ASSIGNMENT:
Starting at the first line and ending at the one with "Plaster statue, Vincent", give the lines of the listing again exactly, and nothing else; skip the pictures.

INPUT MATERIAL:
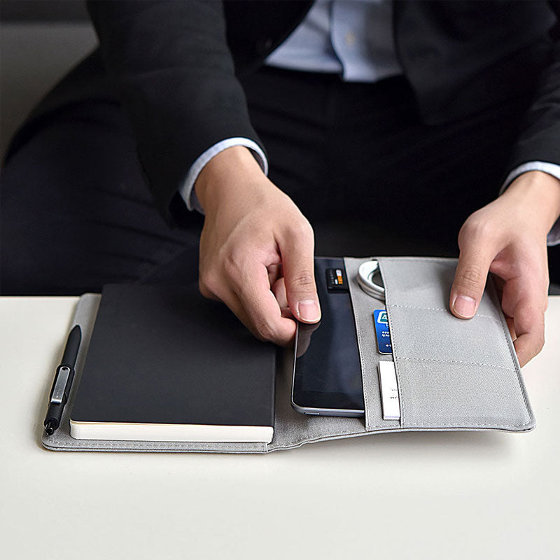 Este cuaderno A5 viene presentado en un elegante sobre con diseño en gris y negro. La cubierta de PU y el papel Daolin de 80g lo hacen ideal para escribir con el bolígrafo de alta calidad MIDOT y sus recambios de 0.5mm. Con un estándar ejecutivo de calidad, es la opción perfecta para aquellos que buscan sofisticación y exclusividad en sus productos de papelería.
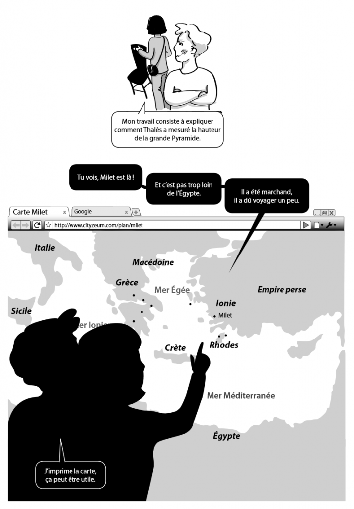 Zia a une recherche à faire sur Thalès de Milet. En cliquant sur un lien qui propose des rencontres virtuelles, son frère et elle se retrouvent à Milet, à l’époque de Thalès.
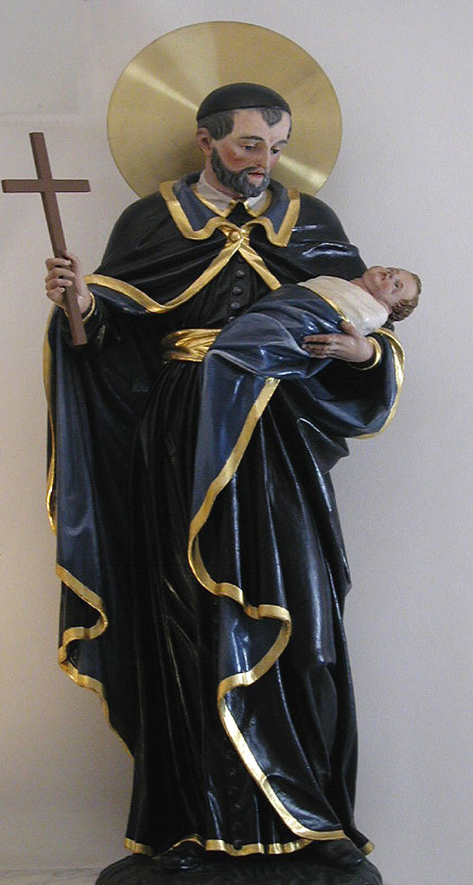 Plaster statue, Vincent de Paul in gold trimmed garments, holding cross, child; large metal halo. Original in chapel, Daughters of Charity provincial house, Ljubljana
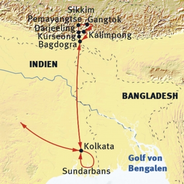 Visum: Für Indien inkl. Sikkim erforderlich. Wir empfehlen, einen Visumservice zu beauftragen oder das Visum im Online-Verfahren (z.Zt. 80,- USD) zu beantragen.
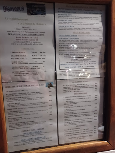 Read moreExpérience décevante pour le restaurant, dans l’ensemble je donne une note basse. J’ai dépensé 72€ pour deux adultes et un petit enfant et cela me paraît excessif surtout que j’ai mal mangé. Tres peu de choix à la carte. La pièce de boucher ne vaut pas les 19€ affiché, la viande n’était pas de grande qualité car sèche. En plus on avait précisé vouloir une cuisson saignante tous les deux, alors qu’on l’a reçu à point. L’accompagnement est trop petit, j’avais demandé des légumes de saison mais j’ai trouvé surtout de l’ognon avec des microscopique courgettes; ainsi la sauce était bonne mais servie dans un microscopique petit bol sur le côté qui n’était pas suffisant. La galette pour l’enfant était correcte ainsi que la glace sans plus. Cela vaut la peine de s’arrêter uniquement si vous n’avez pas d’autre choix ou pas le temps Vous pouvez accepter de manger leur menu du jour à 15€ si vous avez des goûts faciles. En revanche si vous avez des allergies comme nous, ou d’autres préférences, préférez les galettes comme ça vous dépenserez mieux votre argent. Dans l’ensemble leur salle intérieure est jolie, ainsi que la petite terrasse loin de la rue. Le magnifique château privé se trouve juste en face. Pratique mais...
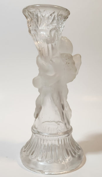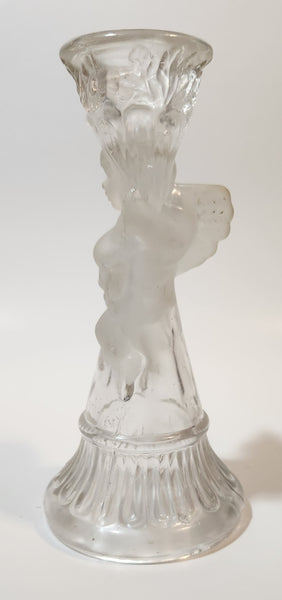 Cherub Themed Frosted and Clear Glass 6 1/2" Tall Candle Holder
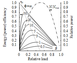 Their main feature is that the power (and in particular, exergy) efficiency of any real energy converter goes to zero twice: at idle (B = 0), i.e., in the absence of a useful product output, and in the "short circuit" mode (B =1), i.e., in this case, when all the supplied energy is dissipated. Thus, the dependence of the efficiency of any real installation has the character of an asymmetric bell-shaped curve, which has an increasingly pronounced maximum with an increase in . At the same time, the modes with maximum efficiency and maximum power (dash-dotted line) also diverge more. This significantly complements the results of the analysis of the efficiency of power plants of several types and brings them closer to reality.
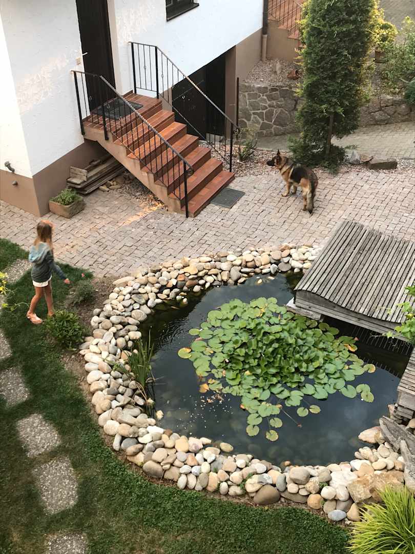 Ausblick von der Weißburgunderwohnung auf den Teich.
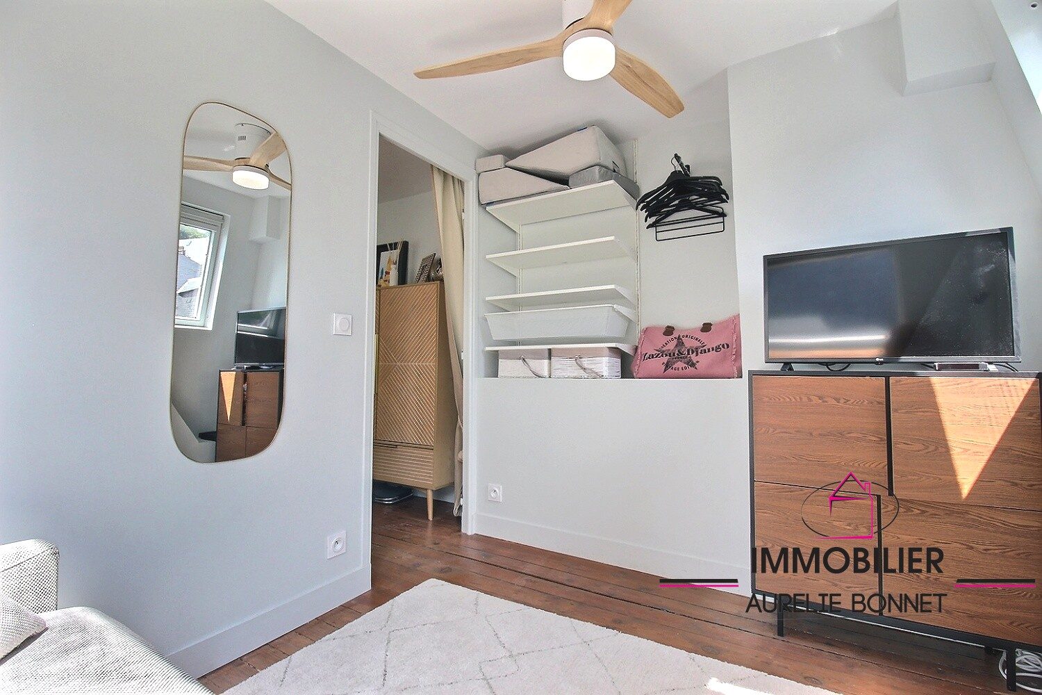 TROUVILLE CENTRE - Au coeur du quartier historique de Bonsecours, au 3eme et dernier étage d'une petite copropriété avec faibles charges, charmant 2 pièces parfaitement agencé. Il dispose d'un séjour avec espace cuisine et repas, une petite chambre, une salle d'eau, un wc séparé. Les mansardes, poutres et grandes ouvertures lui donnent beaucoup de charme. La location saisonnière est interdite dans cette résidence. Une cave.
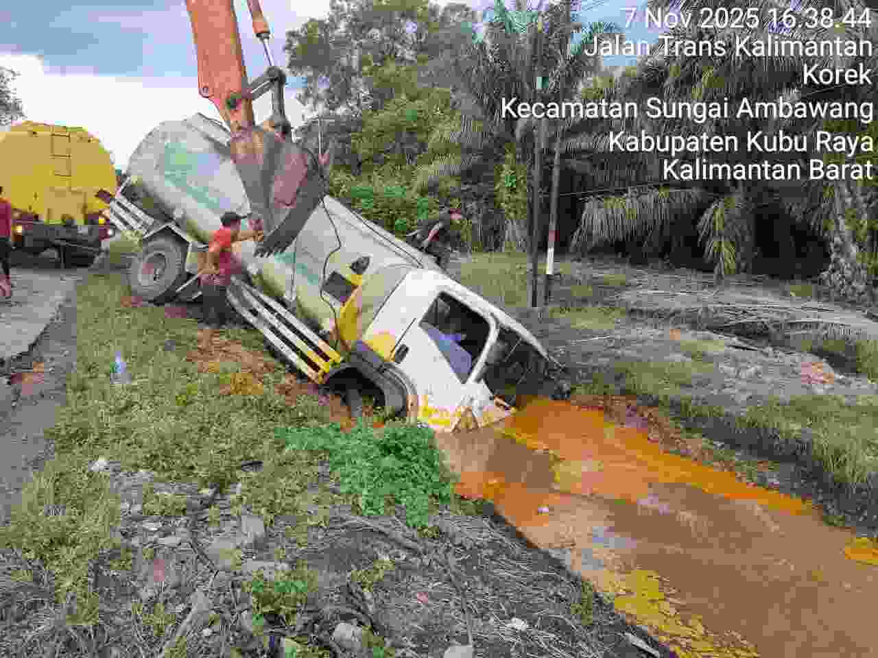Sebuah mobil tangki pengangkut Crude Palm Oil (CPO) dengan nomor polisi BK 8877 EJ, yang diketahui melaju dari arah Ketapang menuju Mempawah, mengalami kecelakaan tunggal dan terguling di Jalan Trans Kalimantan, tepatnya di Desa Korek, Kecamatan Sungai Ambawang, Kabupaten Kubu Raya, Kalbar, Jumat (7/11). Pengangkatan mobil sekitar pukul 15.00 Wib. Tidak ada tampak polisi berjaga jaga saat upaya pengangkatan mobil CPO tersebut.
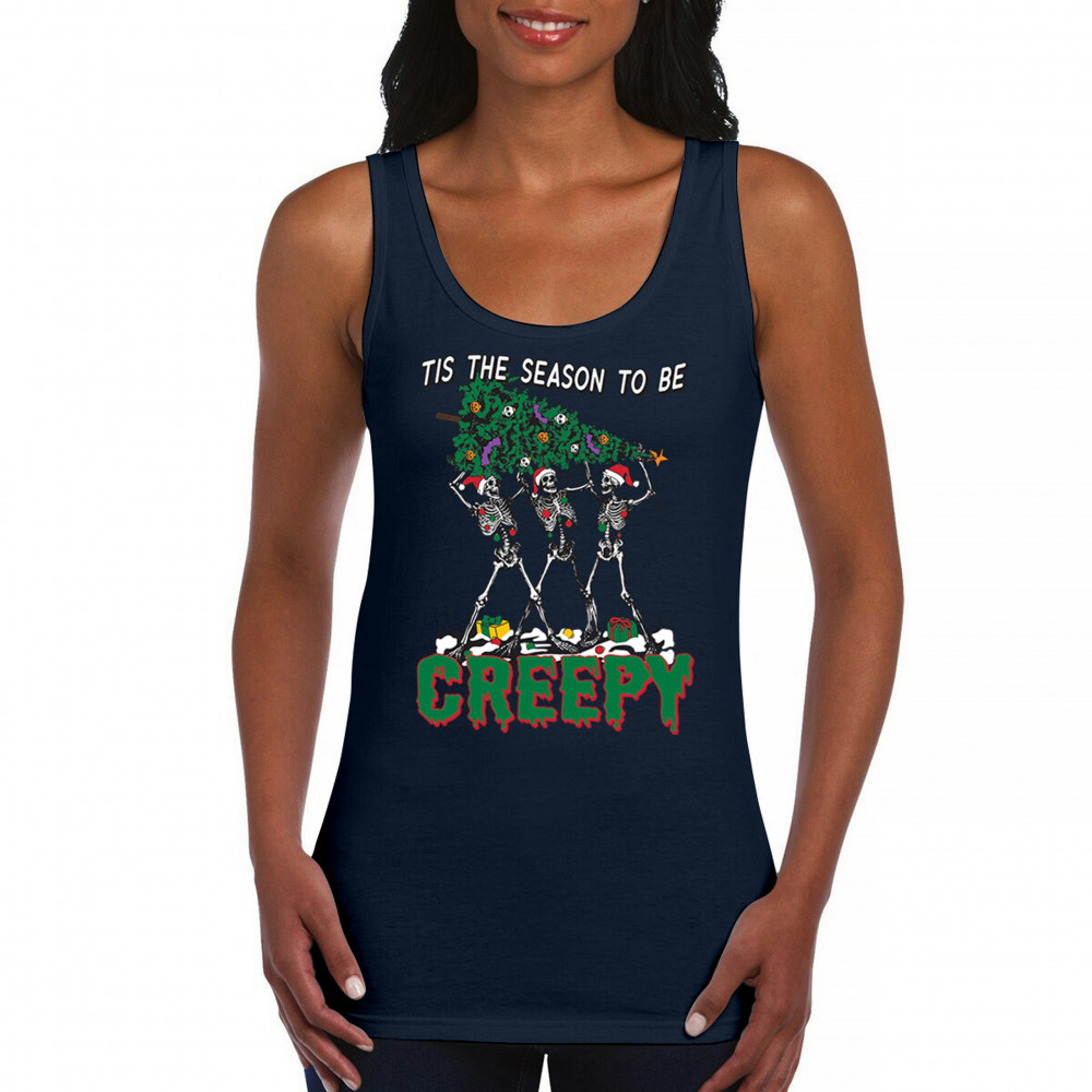 "Tis the Season to Be Creepy" combines holiday cheer with a hauntingly fun twist. This creative design features skeletons donning Santa hats as they carry a spooky Christmas tree decorated with eerie ornaments. Perfect for holiday gatherings, Secret Santa gifts, or themed parties, this design celebrates the festive and the macabre. Embrace the jolliest and creepiest bunch this season with this standout apparel.

SOLUTION TO THIS PROBLEM:
 Este cuaderno A5 viene presentado en un elegante sobre con diseño en gris y negro. La cubierta de PU y el papel Daolin de 80g lo hacen ideal para escribir con el bolígrafo de alta calidad MIDOT y sus recambios de 0.5mm. Con un estándar ejecutivo de calidad, es la opción perfecta para aquellos que buscan sofisticación y exclusividad en sus productos de papelería.
 Zia a une recherche à faire sur Thalès de Milet. En cliquant sur un lien qui propose des rencontres virtuelles, son frère et elle se retrouvent à Milet, à l’époque de Thalès.
 Plaster statue, Vincent de Paul in gold trimmed garments, holding cross, child; large metal halo. Original in chapel, Daughters of Charity provincial house, Ljubljana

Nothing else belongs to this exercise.